(Dataset extract Opens)

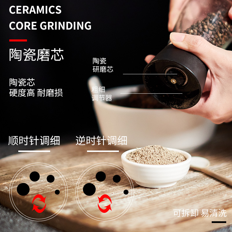 Hand twist with black pepper grinder Black pepper powder Black pepper pepper seasoning White household noodles steak
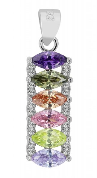 Pingente “Ilana” Prateada em Prata de Lei 925 com Zircônias Coloridas Sem Corrente Banhado a Ródio
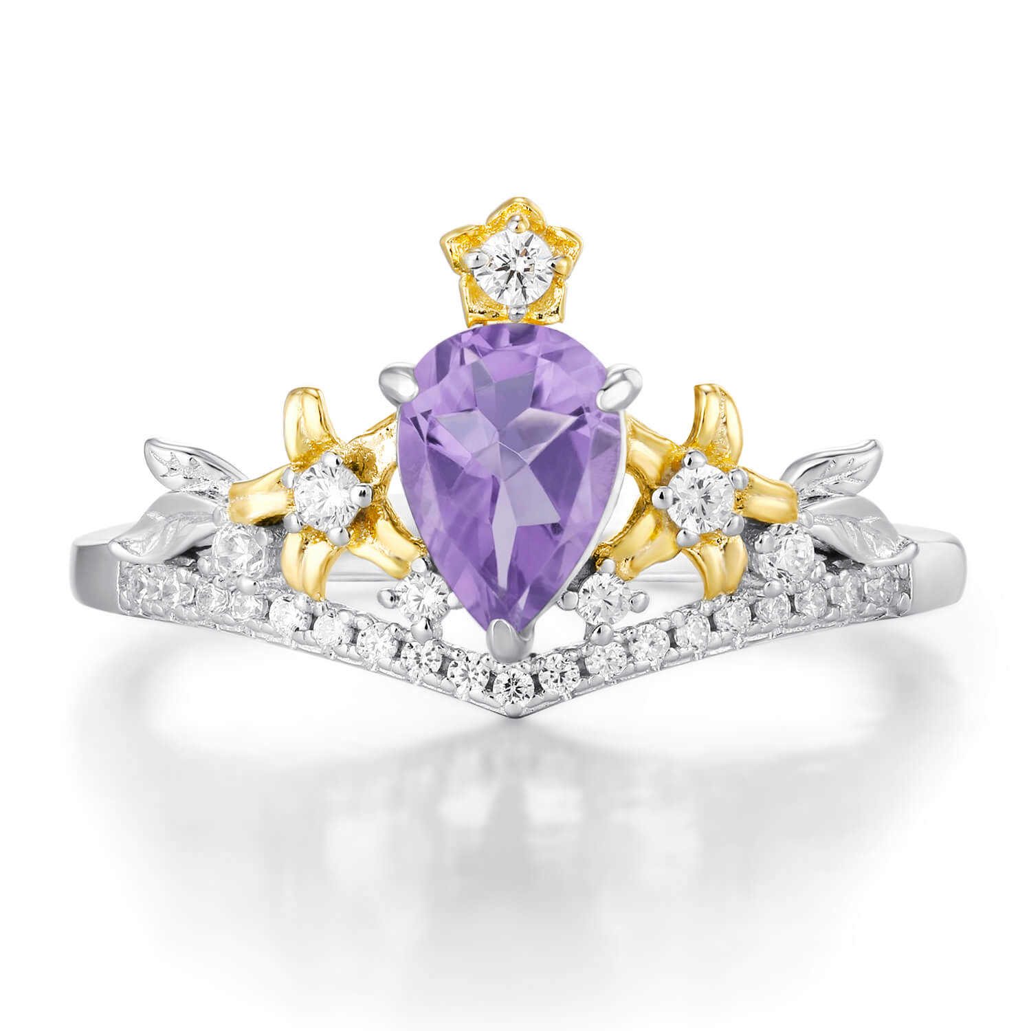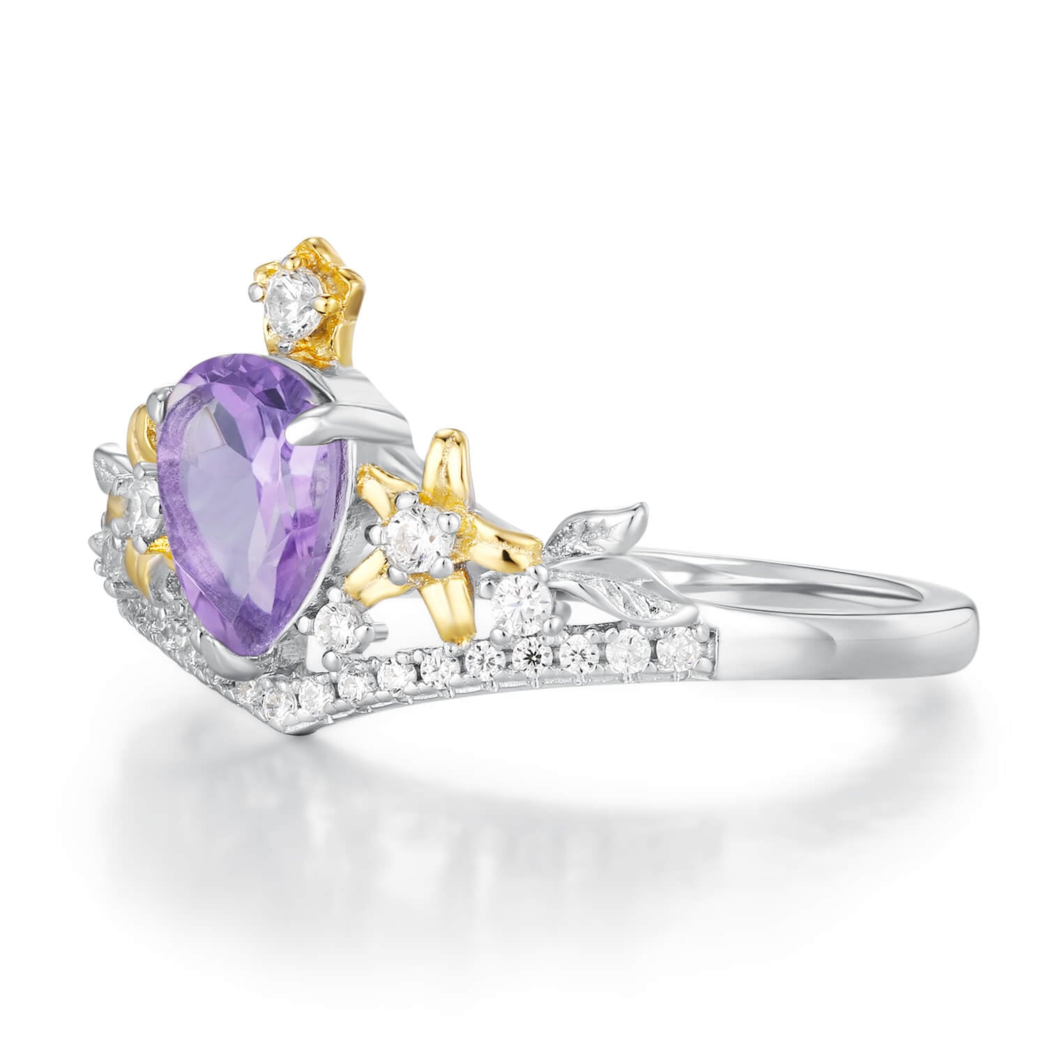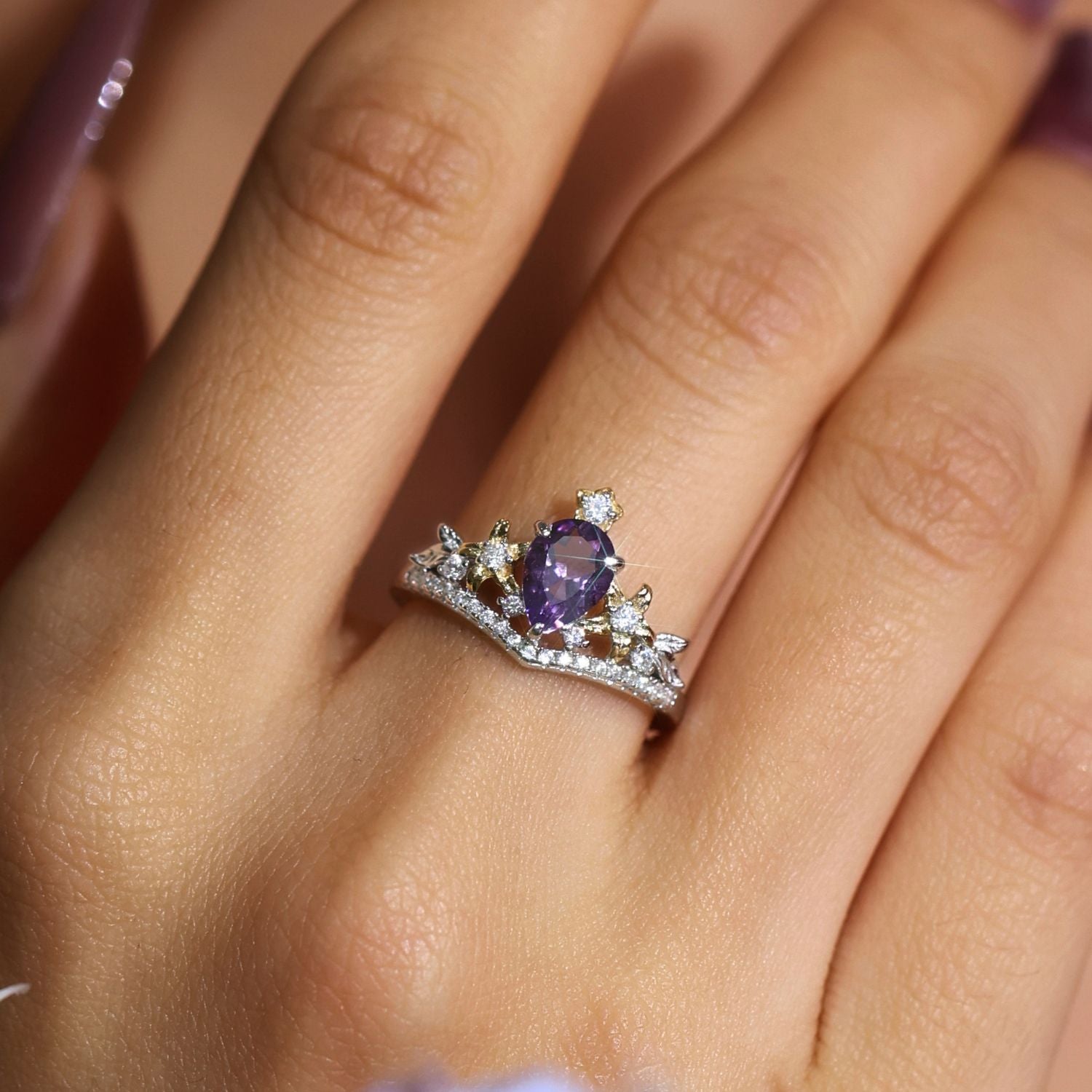 ✦ Center Stone: 5x7mm pear Medium Amethyst
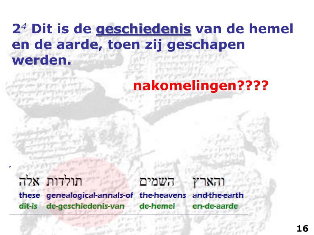 24 Dit is de geschiedenis van de hemel en de aarde, toen zij geschapen werden. nakomelingen???? 16

(Dataset extract Closes)

:: What to do ::
Write the lines out word for word, starting at the one with "pear Medium Amethyst" and stopping after the last line of the material above, with pictures excluded.

:: Exercise output ::
 ✦ Center Stone: 5x7mm pear Medium Amethyst
 24 Dit is de geschiedenis van de hemel en de aarde, toen zij geschapen werden. nakomelingen???? 16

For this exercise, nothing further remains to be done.